TASK OBJECTIVE ▸
Using the records below, copy exactly the part that opens with the line holding "Задания создают мост" and closes with the line holding "Light Green South", minus the pictures.

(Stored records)
Content starts
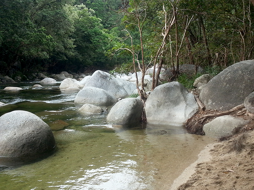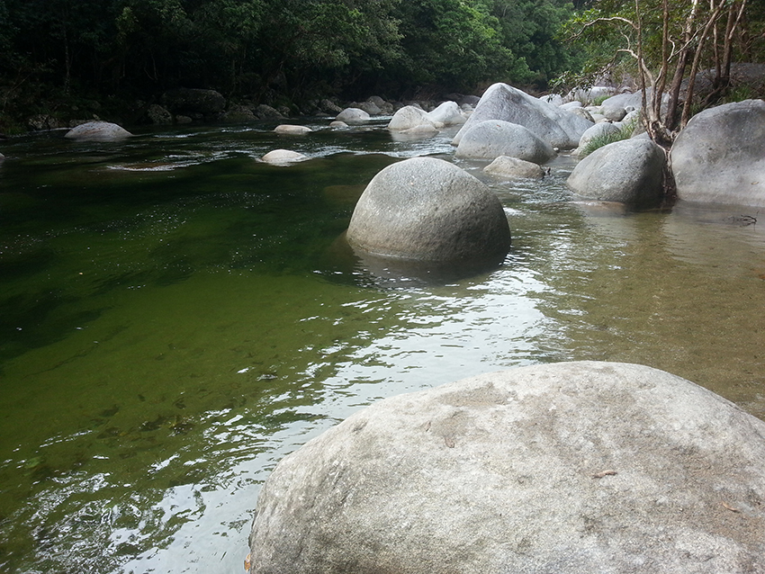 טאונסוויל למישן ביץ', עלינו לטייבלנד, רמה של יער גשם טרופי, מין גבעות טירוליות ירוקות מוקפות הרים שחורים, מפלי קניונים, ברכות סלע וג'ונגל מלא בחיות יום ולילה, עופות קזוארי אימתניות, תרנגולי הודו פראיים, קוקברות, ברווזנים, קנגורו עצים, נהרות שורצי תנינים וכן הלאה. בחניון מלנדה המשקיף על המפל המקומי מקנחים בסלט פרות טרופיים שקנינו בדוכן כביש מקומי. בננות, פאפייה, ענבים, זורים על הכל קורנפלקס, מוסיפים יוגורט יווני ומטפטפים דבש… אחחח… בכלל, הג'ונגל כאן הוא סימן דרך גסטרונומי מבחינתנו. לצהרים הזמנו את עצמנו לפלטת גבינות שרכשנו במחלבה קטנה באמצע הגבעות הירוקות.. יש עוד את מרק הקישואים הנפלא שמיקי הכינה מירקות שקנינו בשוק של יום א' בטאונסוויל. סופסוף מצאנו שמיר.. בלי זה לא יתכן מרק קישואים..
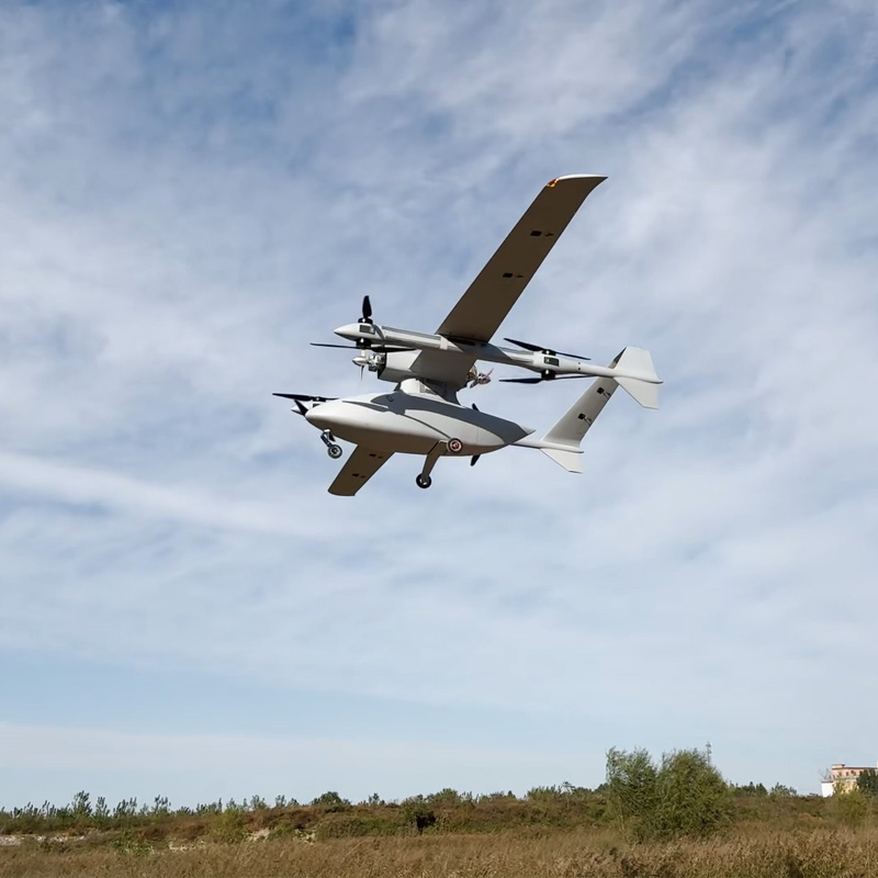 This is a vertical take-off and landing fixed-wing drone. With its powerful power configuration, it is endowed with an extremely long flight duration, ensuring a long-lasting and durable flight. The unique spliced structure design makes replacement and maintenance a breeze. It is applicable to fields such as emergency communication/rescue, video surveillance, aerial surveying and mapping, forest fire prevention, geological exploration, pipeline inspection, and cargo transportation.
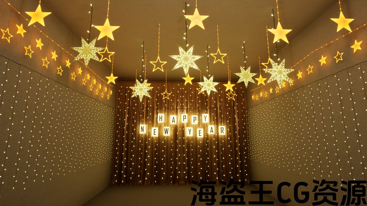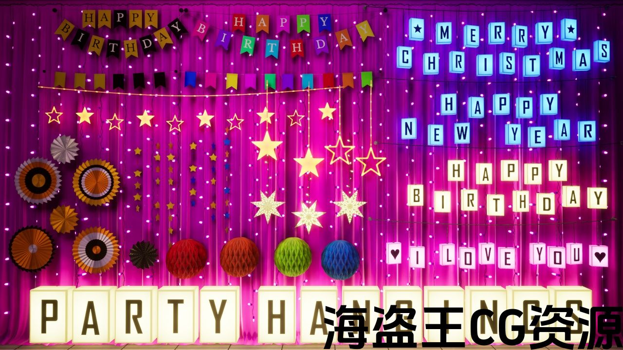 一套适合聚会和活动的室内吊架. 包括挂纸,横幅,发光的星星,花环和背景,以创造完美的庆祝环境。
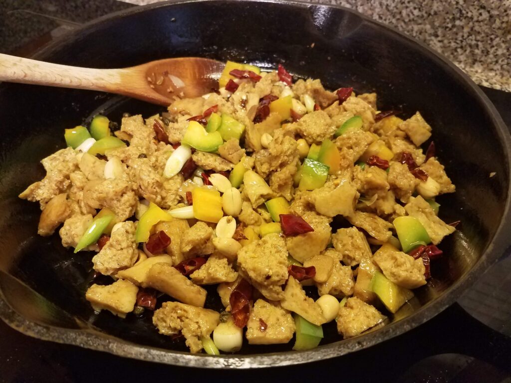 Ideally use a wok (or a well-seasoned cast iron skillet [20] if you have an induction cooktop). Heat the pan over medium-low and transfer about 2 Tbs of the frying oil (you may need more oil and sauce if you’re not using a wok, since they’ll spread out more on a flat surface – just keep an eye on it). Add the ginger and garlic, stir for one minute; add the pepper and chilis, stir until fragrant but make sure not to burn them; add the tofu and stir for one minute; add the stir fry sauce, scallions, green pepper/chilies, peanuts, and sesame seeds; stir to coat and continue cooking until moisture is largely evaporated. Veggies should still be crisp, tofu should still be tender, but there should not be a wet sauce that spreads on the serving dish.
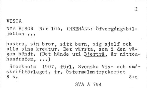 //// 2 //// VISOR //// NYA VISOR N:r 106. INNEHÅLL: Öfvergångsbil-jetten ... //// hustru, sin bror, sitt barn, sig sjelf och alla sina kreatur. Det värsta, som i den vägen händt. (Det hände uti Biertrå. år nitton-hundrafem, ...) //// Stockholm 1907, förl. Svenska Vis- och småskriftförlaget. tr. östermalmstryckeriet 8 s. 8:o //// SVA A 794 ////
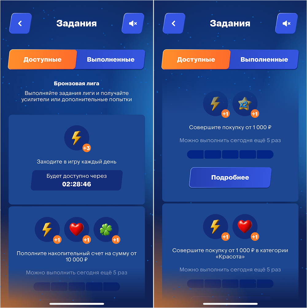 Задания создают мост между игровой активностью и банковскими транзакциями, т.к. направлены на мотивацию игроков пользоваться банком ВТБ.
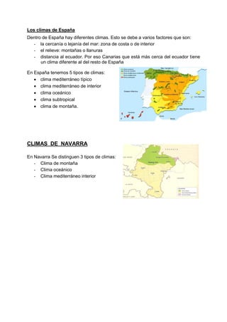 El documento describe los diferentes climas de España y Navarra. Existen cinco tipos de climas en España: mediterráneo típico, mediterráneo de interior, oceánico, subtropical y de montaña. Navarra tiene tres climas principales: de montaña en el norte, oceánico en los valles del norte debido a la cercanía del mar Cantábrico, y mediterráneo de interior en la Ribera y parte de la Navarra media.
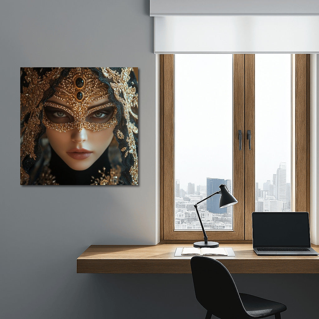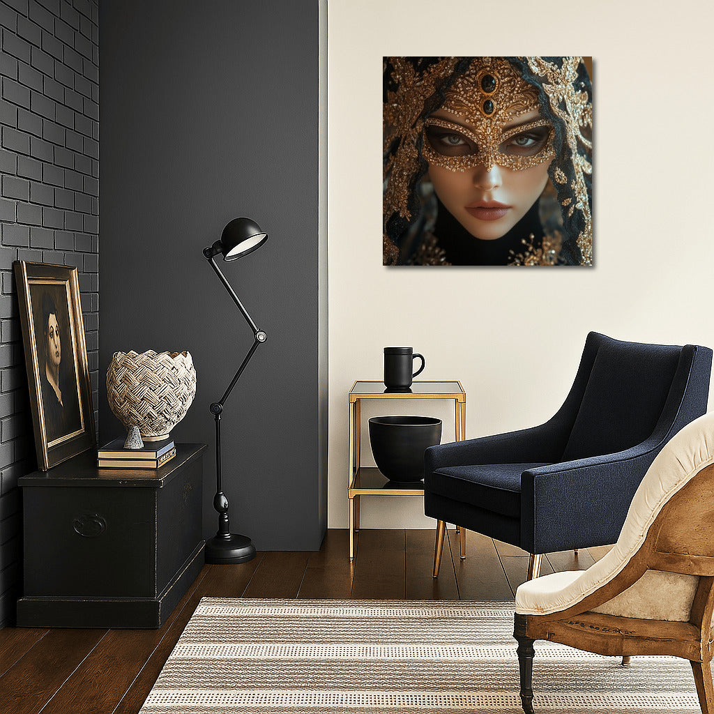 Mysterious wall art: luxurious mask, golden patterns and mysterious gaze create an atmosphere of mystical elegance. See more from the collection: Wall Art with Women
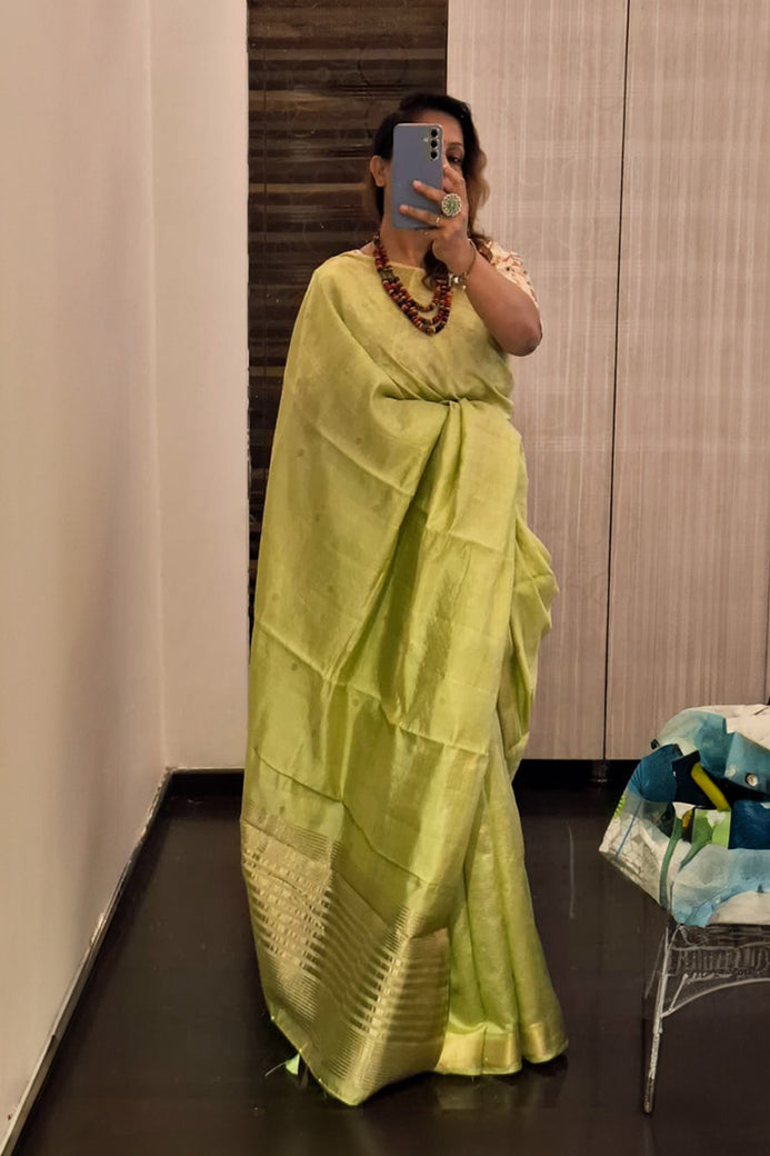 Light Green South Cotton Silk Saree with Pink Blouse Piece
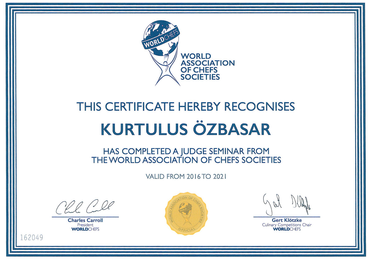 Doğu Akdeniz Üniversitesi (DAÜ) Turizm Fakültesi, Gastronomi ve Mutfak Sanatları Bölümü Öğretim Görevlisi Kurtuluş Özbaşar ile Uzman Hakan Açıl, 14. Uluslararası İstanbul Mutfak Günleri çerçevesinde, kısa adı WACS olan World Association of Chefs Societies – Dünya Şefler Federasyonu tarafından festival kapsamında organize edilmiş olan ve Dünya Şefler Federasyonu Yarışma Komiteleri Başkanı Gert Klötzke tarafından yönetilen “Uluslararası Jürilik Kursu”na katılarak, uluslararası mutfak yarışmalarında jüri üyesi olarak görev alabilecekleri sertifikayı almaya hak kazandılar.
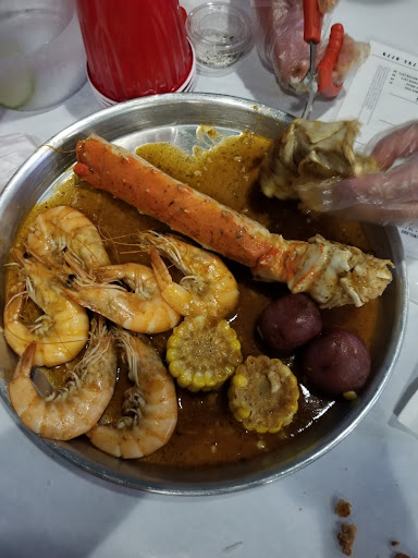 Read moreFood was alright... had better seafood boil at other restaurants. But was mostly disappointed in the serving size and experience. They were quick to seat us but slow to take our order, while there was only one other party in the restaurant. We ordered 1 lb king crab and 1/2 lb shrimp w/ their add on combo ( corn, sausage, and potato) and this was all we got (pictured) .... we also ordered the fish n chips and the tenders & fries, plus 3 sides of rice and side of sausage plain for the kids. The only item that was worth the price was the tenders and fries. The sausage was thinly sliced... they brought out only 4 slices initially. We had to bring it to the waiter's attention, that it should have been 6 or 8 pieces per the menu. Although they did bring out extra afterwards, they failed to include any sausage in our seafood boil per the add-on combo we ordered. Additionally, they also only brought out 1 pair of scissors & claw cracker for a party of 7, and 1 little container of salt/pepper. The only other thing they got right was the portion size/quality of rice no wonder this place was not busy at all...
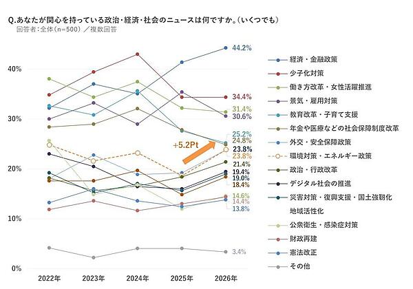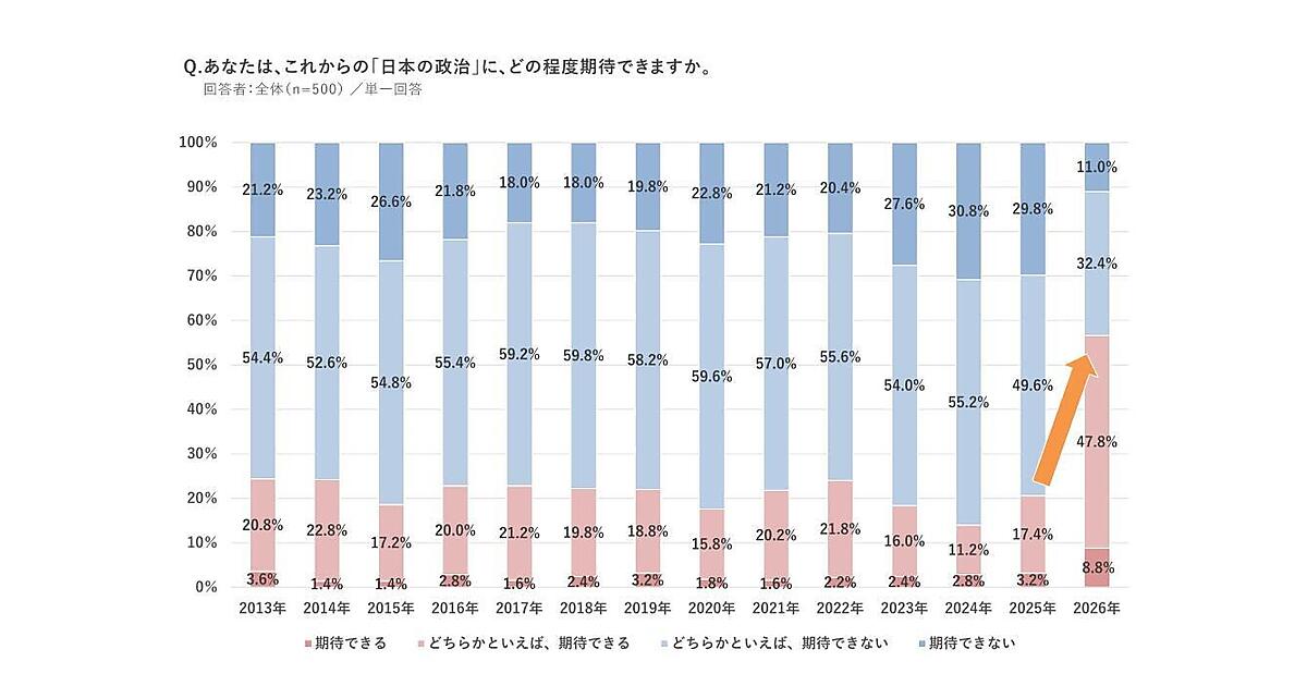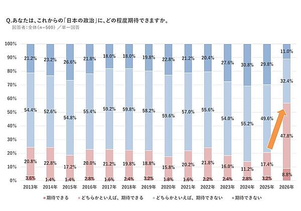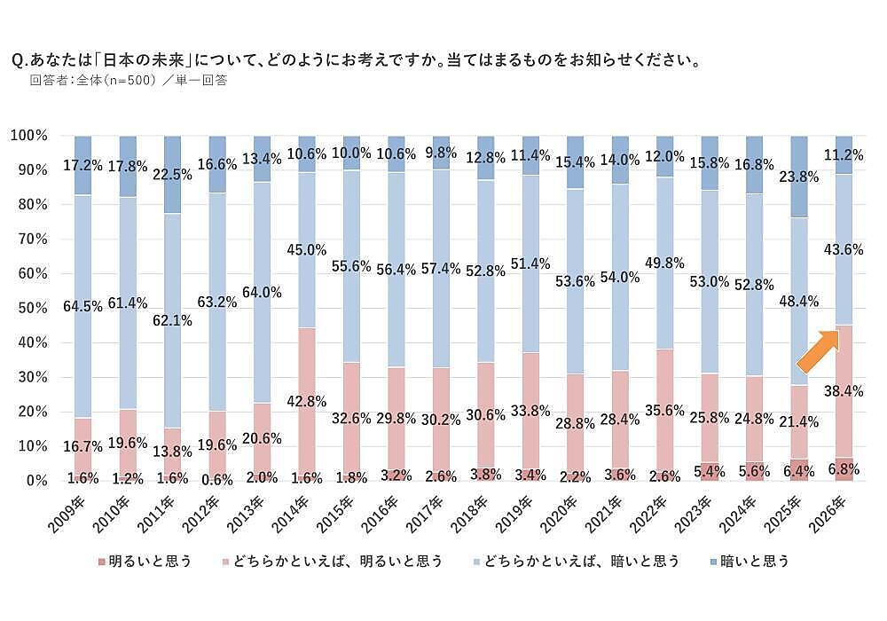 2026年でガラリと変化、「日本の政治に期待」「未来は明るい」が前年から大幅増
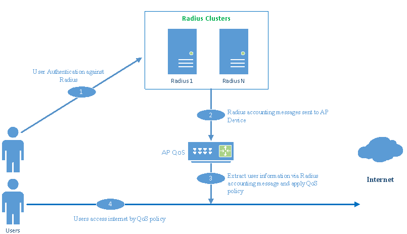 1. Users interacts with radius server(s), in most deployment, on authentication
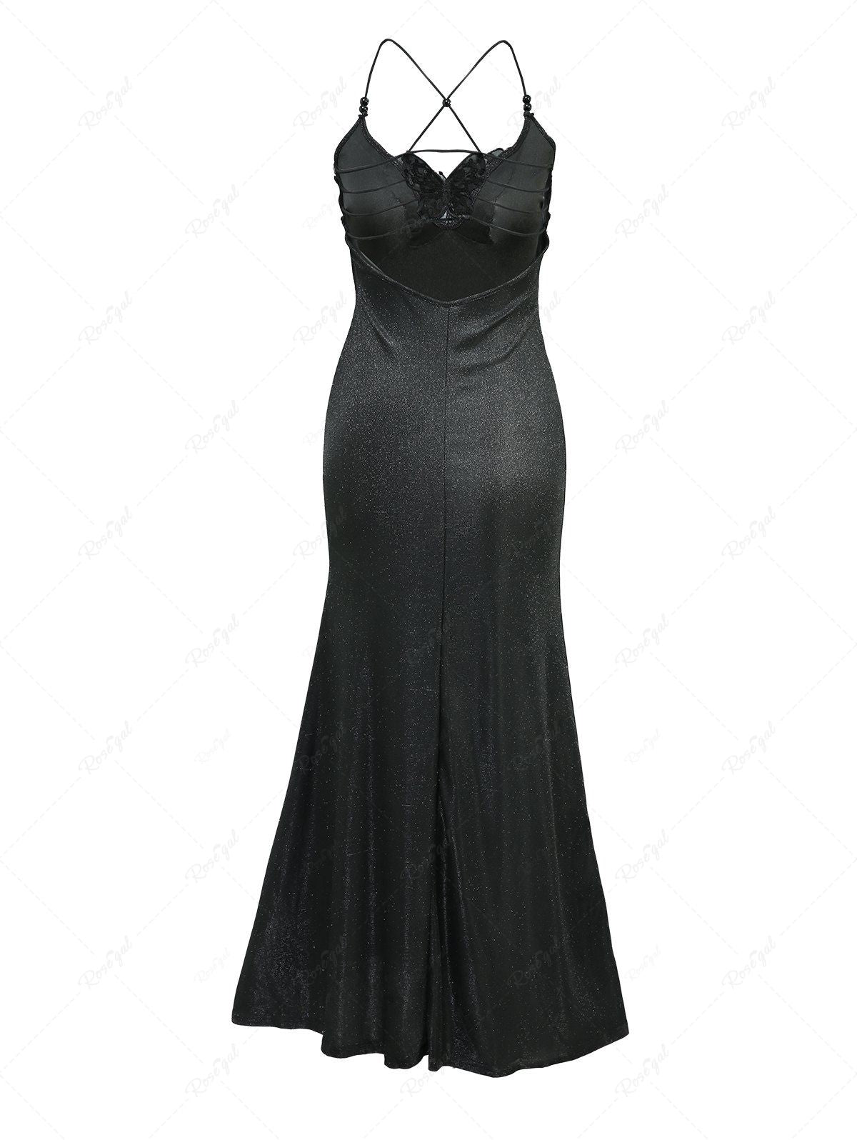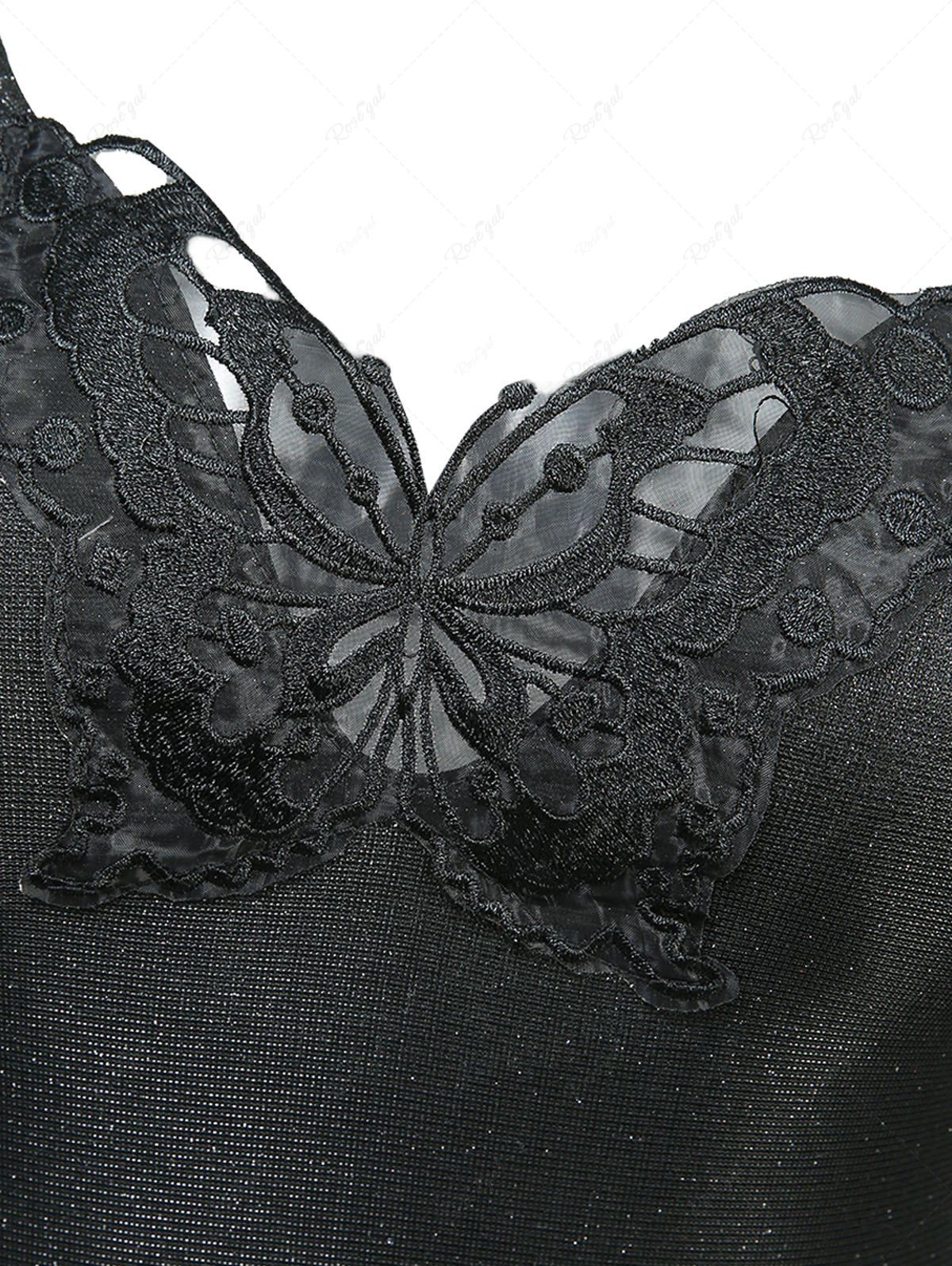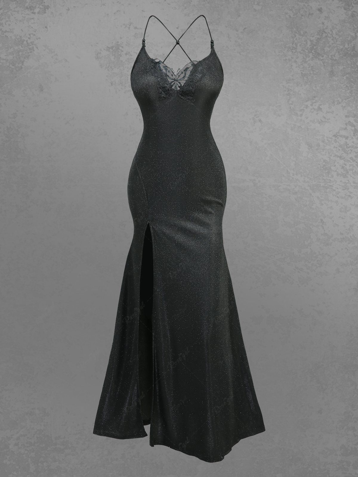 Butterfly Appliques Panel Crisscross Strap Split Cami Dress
Content ends
PROBLEM SOLUTION ▸
 Задания создают мост между игровой активностью и банковскими транзакциями, т.к. направлены на мотивацию игроков пользоваться банком ВТБ.
 El documento describe los diferentes climas de España y Navarra. Existen cinco tipos de climas en España: mediterráneo típico, mediterráneo de interior, oceánico, subtropical y de montaña. Navarra tiene tres climas principales: de montaña en el norte, oceánico en los valles del norte debido a la cercanía del mar Cantábrico, y mediterráneo de interior en la Ribera y parte de la Navarra media.
 Mysterious wall art: luxurious mask, golden patterns and mysterious gaze create an atmosphere of mystical elegance. See more from the collection: Wall Art with Women
 Light Green South Cotton Silk Saree with Pink Blouse Piece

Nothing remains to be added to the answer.